Given data
════════════════════
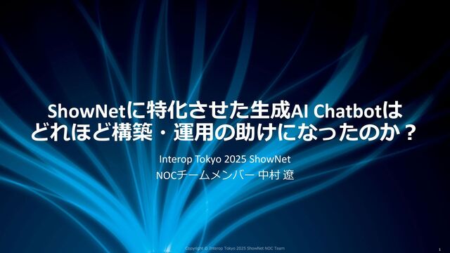 2025年6月に幕張メッセで実施されたInterop Tokyo ShowNetブース内ステージでのNOCチームメンバーによる講演資料
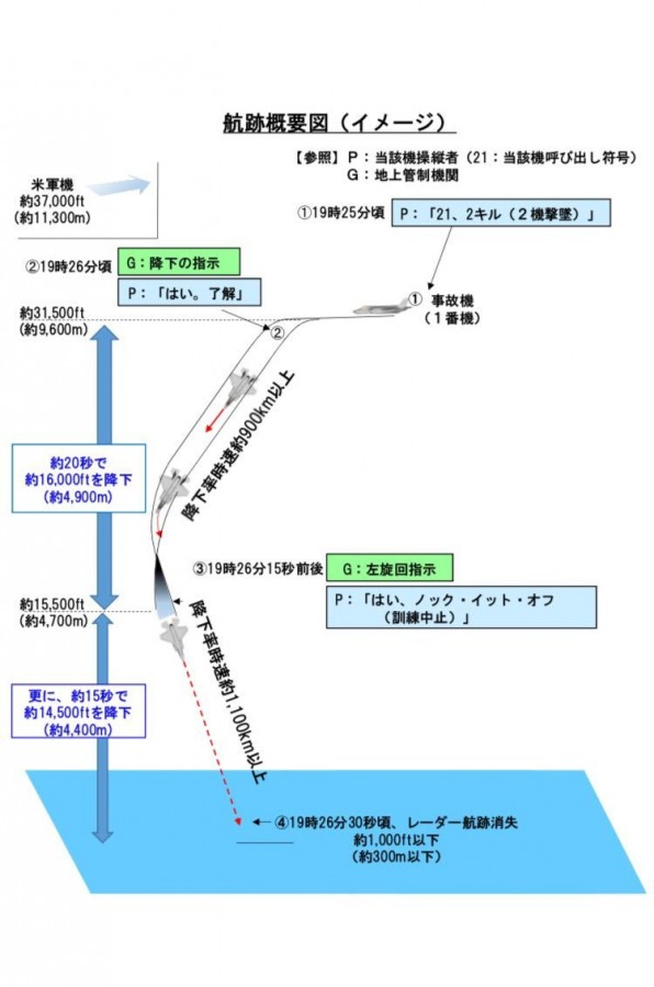 По имеющимся данным, F-35 вошел в воду на скорости около 1100 километров в час, пилот не предпринял попытки катапультироваться. В ходе расследования выдвигалась версия, что пилот истребителя мог потерять управления из-за кислородного голодания, но японские военные опровергли это предположение "
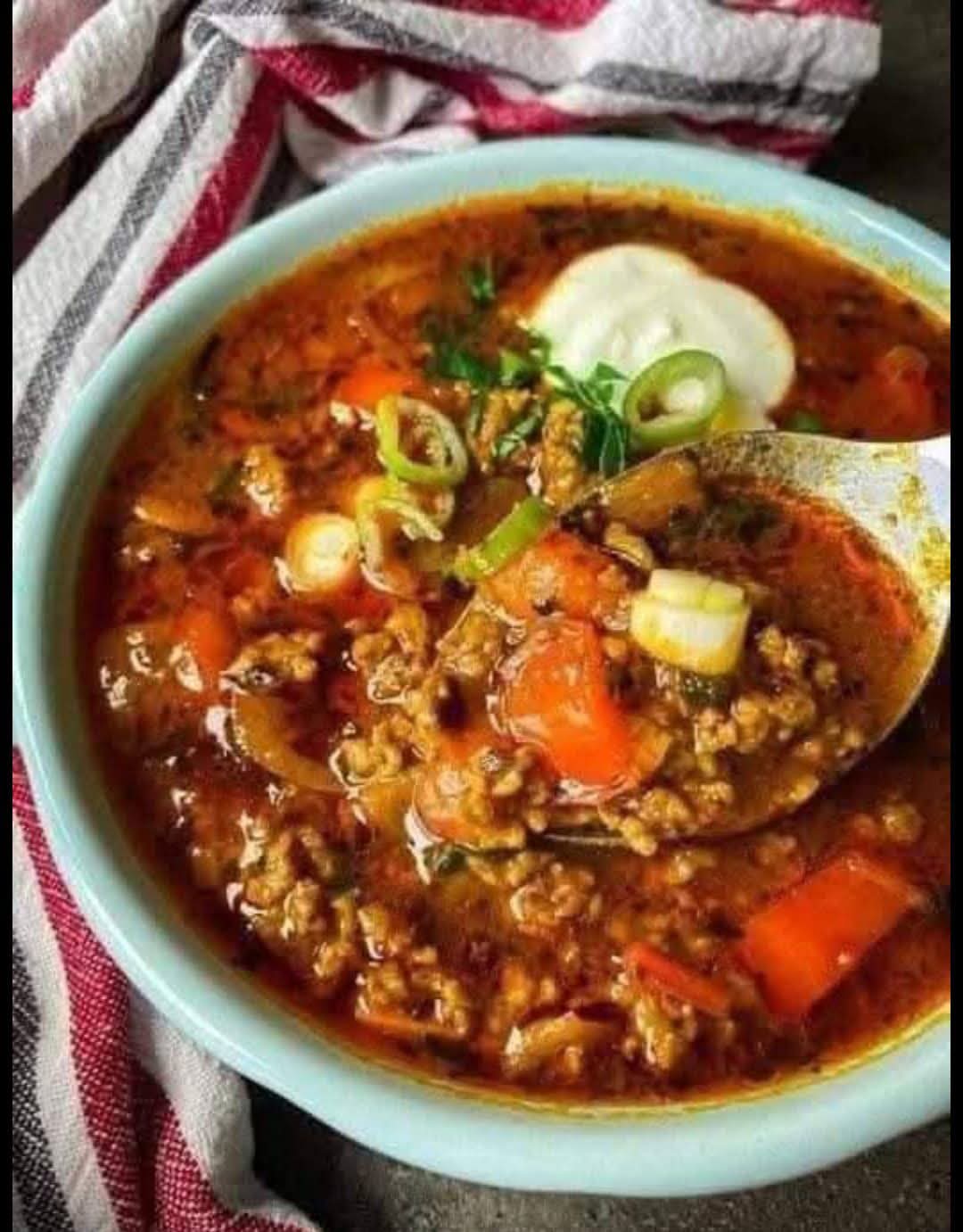 This Cheesy Taco Soup combines all the bold flavors of tacos with a rich, creamy base. Ground beef, tomatoes, spices, and cheese come together in a flavorful broth that’s satisfying, comforting, and easy to make. Optional toppings like cilantro and green onions elevate the dish, making it a crowd-pleaser for families and friends.
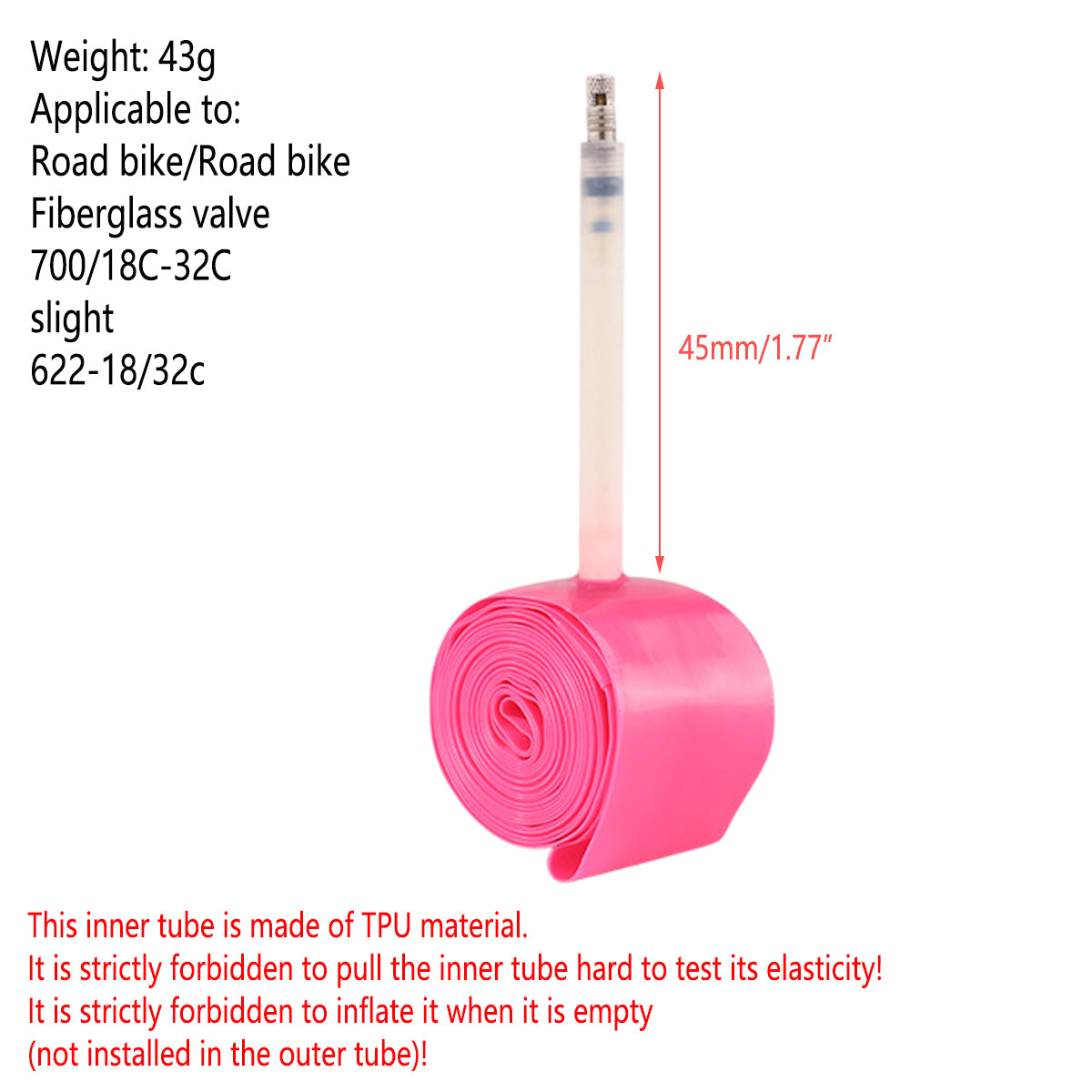 Elevate your cycling with these road and mountain bike inner tubes.Crafted from ultra – light TPU, they offer durability, flexibility, and puncture resistance for long rides.The 45mm French valve ensures easy inflation, and the vibrant pink hue adds style while enhancing visibility.Lightweight and compact, they’re ideal as spares for 700C wheels (18C – 32C), suiting road and mountain bikes.
════════════════════
Set down the material again exactly. Don't carry over any pictures.

Task response
 2025年6月に幕張メッセで実施されたInterop Tokyo ShowNetブース内ステージでのNOCチームメンバーによる講演資料
 По имеющимся данным, F-35 вошел в воду на скорости около 1100 километров в час, пилот не предпринял попытки катапультироваться. В ходе расследования выдвигалась версия, что пилот истребителя мог потерять управления из-за кислородного голодания, но японские военные опровергли это предположение "
 This Cheesy Taco Soup combines all the bold flavors of tacos with a rich, creamy base. Ground beef, tomatoes, spices, and cheese come together in a flavorful broth that’s satisfying, comforting, and easy to make. Optional toppings like cilantro and green onions elevate the dish, making it a crowd-pleaser for families and friends.
 Elevate your cycling with these road and mountain bike inner tubes.Crafted from ultra – light TPU, they offer durability, flexibility, and puncture resistance for long rides.The 45mm French valve ensures easy inflation, and the vibrant pink hue adds style while enhancing visibility.Lightweight and compact, they’re ideal as spares for 700C wheels (18C – 32C), suiting road and mountain bikes.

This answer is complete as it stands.